って、私声に出してた!?は、恥ずかしいいいいいいいいいい!!!!
「あ、えっと、今のは、その」
「何も言わなくていい。誰にも言わんよ。私は口が堅い方なんだ」
なにか言い訳がないかと口ごもっていると、藍が言わないと約束してくれた。
ありがたい。こういうミスは何かと恥ずかしいからね。例えるなら学校の先生のことをお母さんと呼んでしまった時くらい。
「……何となくだが、紅魔館の連中が大人しくなった理由が分かった気がしたよ」
温かい笑みでこちらを見てくる藍の顔を見ていられなくなり、つい顔をそらしてしまう。
「それで、今どこに向かっているの?」
照れ隠しにそう問いかけると、藍は苦笑しながらも答えてくれた。
「博麗神社だ。
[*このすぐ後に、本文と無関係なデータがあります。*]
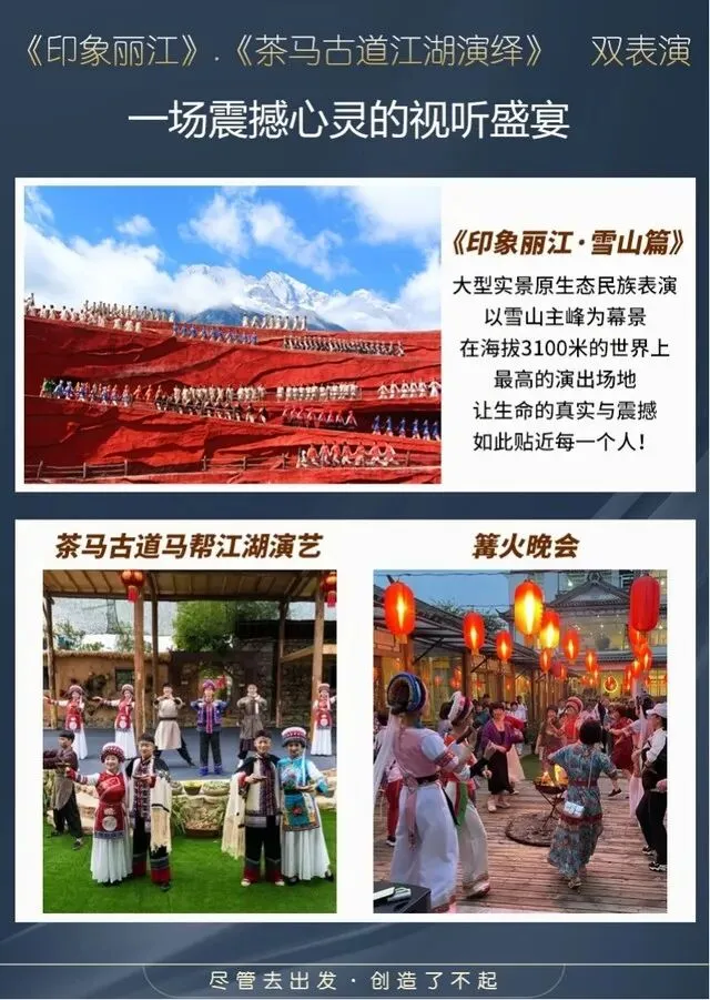 赠送张艺谋导演的大型实景演出【印象丽江·雪山篇】(观赏时间约60分钟),剧场设在海拔3100米的雪山怀抱里,四周高山草甸、白云缭绕,将您带到雪域高原天人合一的纯美实景中,融入以纳西民族为主的当地民俗民风构成的壮美场景中.(如因停演或场次无法安排的情况下更改为《丽水金沙》)。

もっとも、今霊夢はいないがな」
「じゃあなんのために?」
「お前を紫様に会わせるためだ」
「なんで?」
「お前に話があるそうだ。連れて来いと命令された。霊夢と魔法使いは後から来るそうだ」
紫が私に話…?
何だろう、まさか、私が転生者だってばれたとか!?
私は戦々恐々としながらも藍の背中にしがみつくのだった。